Sena Paribar Kalyan Samity
- Abbreviation: SPKS
- Formation: 1975
- Founder: Rowshan Ershad
- Type: Nonprofit
- Headquarters: Dhaka, Bangladesh
- Region served: Bangladesh
- Official language: Bengali
- Parent organization: Bangladesh Army

= Sena Paribar Kalyan Samity =

Non-profit organization in Bangladesh

Sena Paribar Kalyan Samity (সেনা পরিবার কল্যাণ সমিতি) (soldiers family welfare society) is a Bangladeshi non-profit organisation by Bangladesh Army and managed by wives of senior military officers. The wife of the Bangladesh Army chief leads the organization.

== History ==
Sena Paribar Kalyan Samity was established in 1975 with Rowshan Ershad, wife of General Hussain Mohammad Ershad, as its founding president.

Sena Paribar Kalyan Samity established Sena Shahayok School in July 2007. It was led by Nazneen Moeen, wife of then chief of Army Staff Moeen U Ahmed. She distributed awards for students of Shaheed Bir Uttam Lt Anwar Girls College.

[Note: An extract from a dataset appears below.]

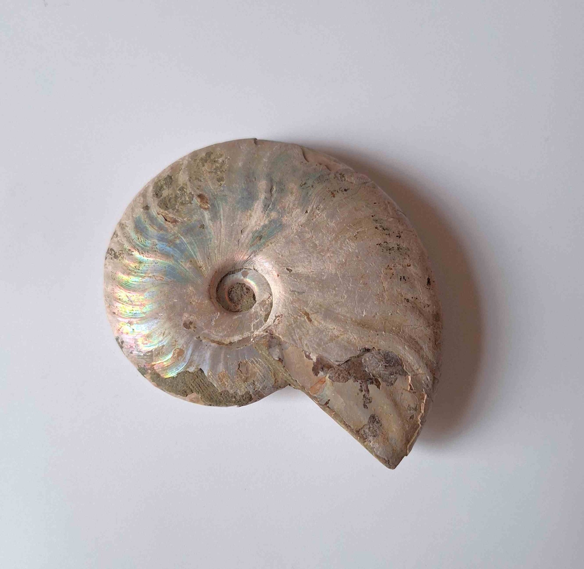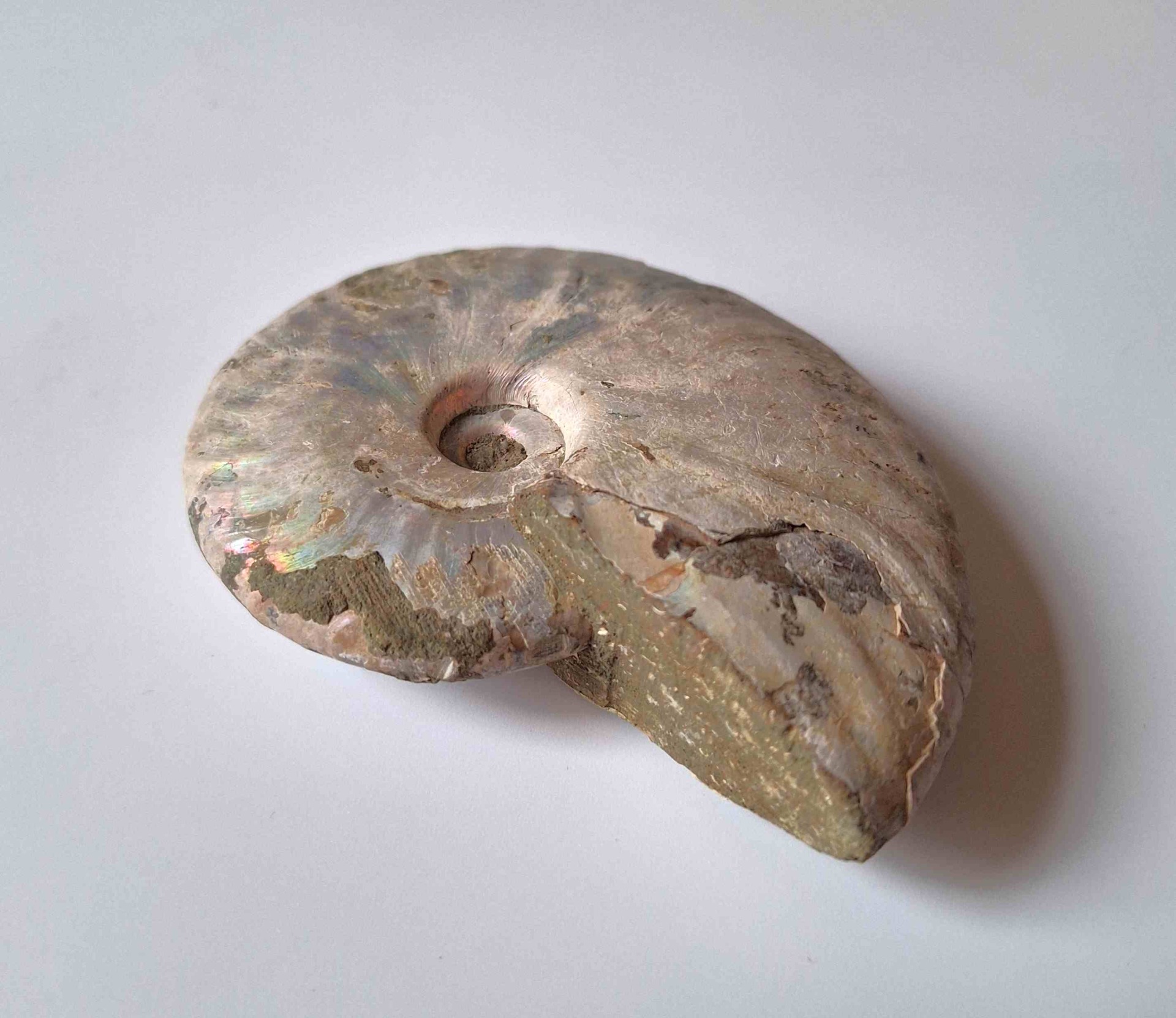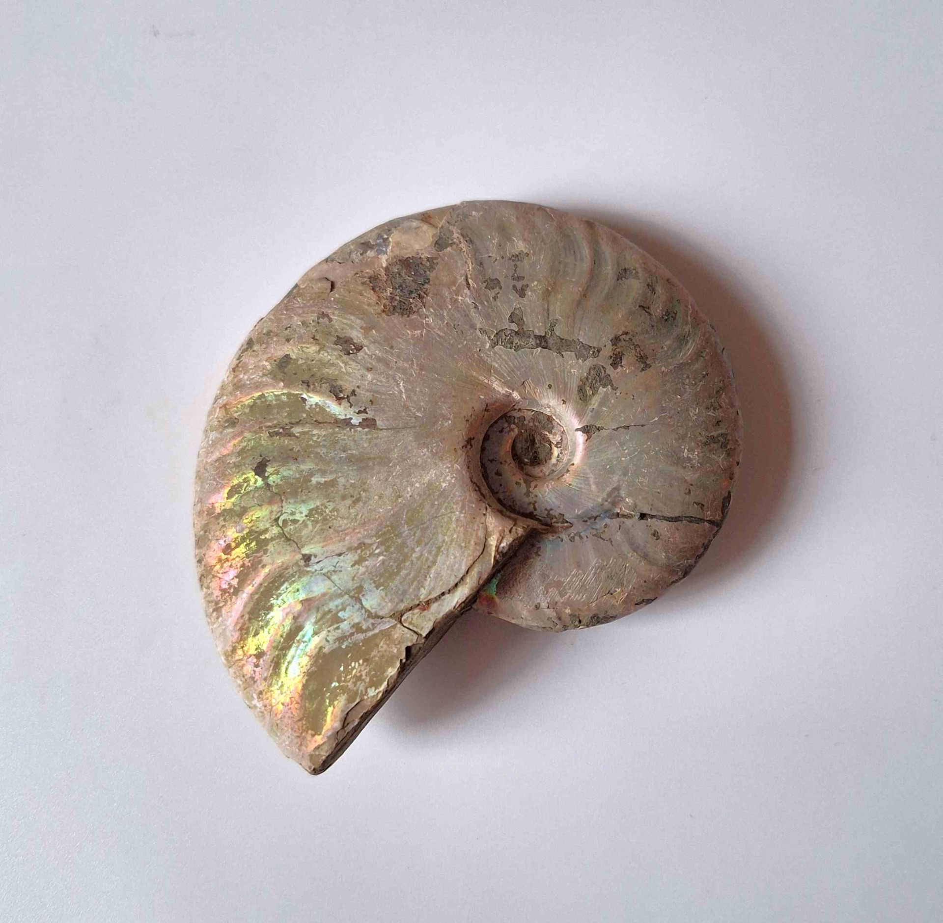 - leštěná zkamenělina celého amonita - krásně perleťový na povrchu (polished whole ammonite fossil - beautiful pearlescent on the surface)

On 29 April 2015, Prime Minister Sheikh Hasina inaugurated the headquarters of Sena Paribar Kalyan Samity called Surjyakanya in Dhaka Cantonment.

The Cox's Khagrachari District unit of Sena Paribar Kalyan Samity in January 2019 distributed clothing among the poor in the area led by the local unit president Fahmida Sajed. She is the wife of Brigadier General A.K.M. Sajedul Islam of 24th Artillery Brigade based in Guimara Cantonment. The Rangamati District unit also distributed winter clothes.

The Cox's Bazar District unit of Sena Paribar Kalyan Samity distributed warm clothes for 400 people in Ramu Upazila. The Cox's Bazar District unit of Sena Paribar Kalyan Samity organized a free medical clinic for pregnant women in June 2020 and painting competition in September 2020 on the occasion of the 100th birthday of former President Sheikh Mujibur Rahman. The Cox's Bazar District Unit is attached to the 10th Infantry Division of Bangladesh Army out of Ramu Cantonment. The President of the unit, Sharmin Main, is the wife of the General Officer Commanding of the 10th Infantry Division, Major General Fakhrul Ahsan.

In August 2021, Sena Paribar Kalyan Samity and the Dhaka Cantonment Ladies Club distributed relief materials for poor people whose income was affected by the COVID-19 pandemic in Bangladesh in the residential area of Dhaka Cantonment. It was led by President Nurjahan Ahmed, wife of General SM Shafiuddin Ahmed, then chief of Army Staff of Bangladesh Army.